Here are some details of the harm to older Americans:

  • Medicaid cuts would threaten many of their health care. Medicaid provides essential care for 7 million seniors, including nursing home care, long-term services and supports, and other medical care and supportive services that Medicare doesn’t cover, which help many low-income seniors stay independent and healthy. The President’s budget would cut Medicaid, and the Affordable Care Act’s (ACA) premium tax credits that help low- and moderate-income people afford coverage, by $1 trillion over ten years, with cuts growing deeper over time. The budget doesn’t explain how the Administration would implement much of these cuts, but it specifically calls for ending the enhanced federal funding for states that expanded Medicaid under the ACA. That would almost certainly lead states to end coverage for most of the more than 12 million people who have gained coverage through the expansion — including millions of adults aged 50 to 64. Other proposals in the budget would cut Medicaid and threaten access to care for older adults, including requiring all states to take coverage away from adult Medicaid enrollees who don’t meet work requirements, which would threaten coverage for millions of older adults. The budget would also make it harder for seniors to qualify for Medicaid without selling their homes.

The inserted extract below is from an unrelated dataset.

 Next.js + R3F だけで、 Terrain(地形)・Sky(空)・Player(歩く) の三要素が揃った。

  • Deep SNAP (food stamp) cuts would cause more elderly people to struggle to afford food. SNAP households with an elderly member receive an average of $121 in benefits each month to help them pay for groceries. For seniors, SNAP participation is linked with reduced nursing home admissions and hospitalization and less frequent skipping of needed medicines, as we’ve detailed. The budget would cut $182 billion, nearly 30 percent, from SNAP over the next decade. The biggest cut would be from radically restructuring SNAP to eliminate about 40 percent of SNAP benefits and use some of the savings to give households a “Harvest Box” of non-perishable foods. This approach would be in lieu of the food that households would otherwise choose to buy with their SNAP benefits. The budget would also end SNAP’s minimum monthly benefit for households with one or two people (currently $16), which mainly goes to low-income seniors and people with disabilities who qualify for a benefit of $15 or less. This change would affect 1 to 2 million people, most of whom would lose benefits altogether. The budget would also raise the age for individuals to be considered “elderly” from 60 to 65, meaning those aged 60 through 64 would no longer qualify under certain eligibility rules and program flexibilities designed to reduce administrative burdens and ease access for vulnerable seniors.

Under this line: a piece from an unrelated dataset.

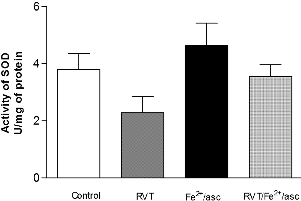 On the other hand, we did not find any significant difference in SOD activity with RVT pretreatment. SOD catalyzes the dismutation of O2− into oxygen and hydrogen peroxide. The lack of difference with and without RVT pretreatment may be due to the fact that the pro-oxidant ferrous iron/ascorbate generates the hydroxyl radical through the Haber-Weiss or Fenton reaction [40].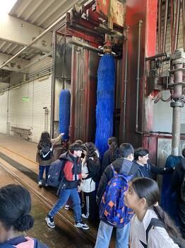 Am Ende der Besichtigung ging es in die Waschanlage der Straßenbahnen. Glücklicherweise kam es zu keiner Dusche von oben!

  • Social Security Disability Insurance (SSDI) cuts would hit many older Americans. Workers pay into Social Security to protect themselves and their families if they retire, become disabled, or die leaving family members to support. Most SSDI beneficiaries — nearly 6 million — are 55 or older and can’t keep working until their full Social Security retirement age due to serious illness or injury. Though the President has repeatedly promised not to cut Social Security, his budget cuts SSDI by tens of billions of dollars.
  • Rental and heating assistance cuts would hurt thousands of seniors. The budget’s deep cuts in rental assistance for low-income families would leave 160,000 fewer households, nearly 45,000 of which include seniors, without housing vouchers that they could use to afford to pay rent. The budget would also eliminate the Low Income Home Energy Assistance Program (LIHEAP), which helps low-income people pay their heating and cooling bills. Over 40 percent of LIHEAP-eligible households include at least one person aged 60 or older.
  • The budget eliminates several programs providing social and community services to older people. One is the Social Services Block Grant, which helps states meet the specialized needs of their most vulnerable populations, such as helping seniors stay in their homes, providing Meals on Wheels, and preventing elder abuse. Another is the Legal Services Corporation, which provides legal support to low-income seniors facing foreclosure, eviction, and elder abuse. Finally, the budget would eliminate the Senior Community Service Employment Program, which connects low-income, unemployed people aged 55 or older with part-time work each year.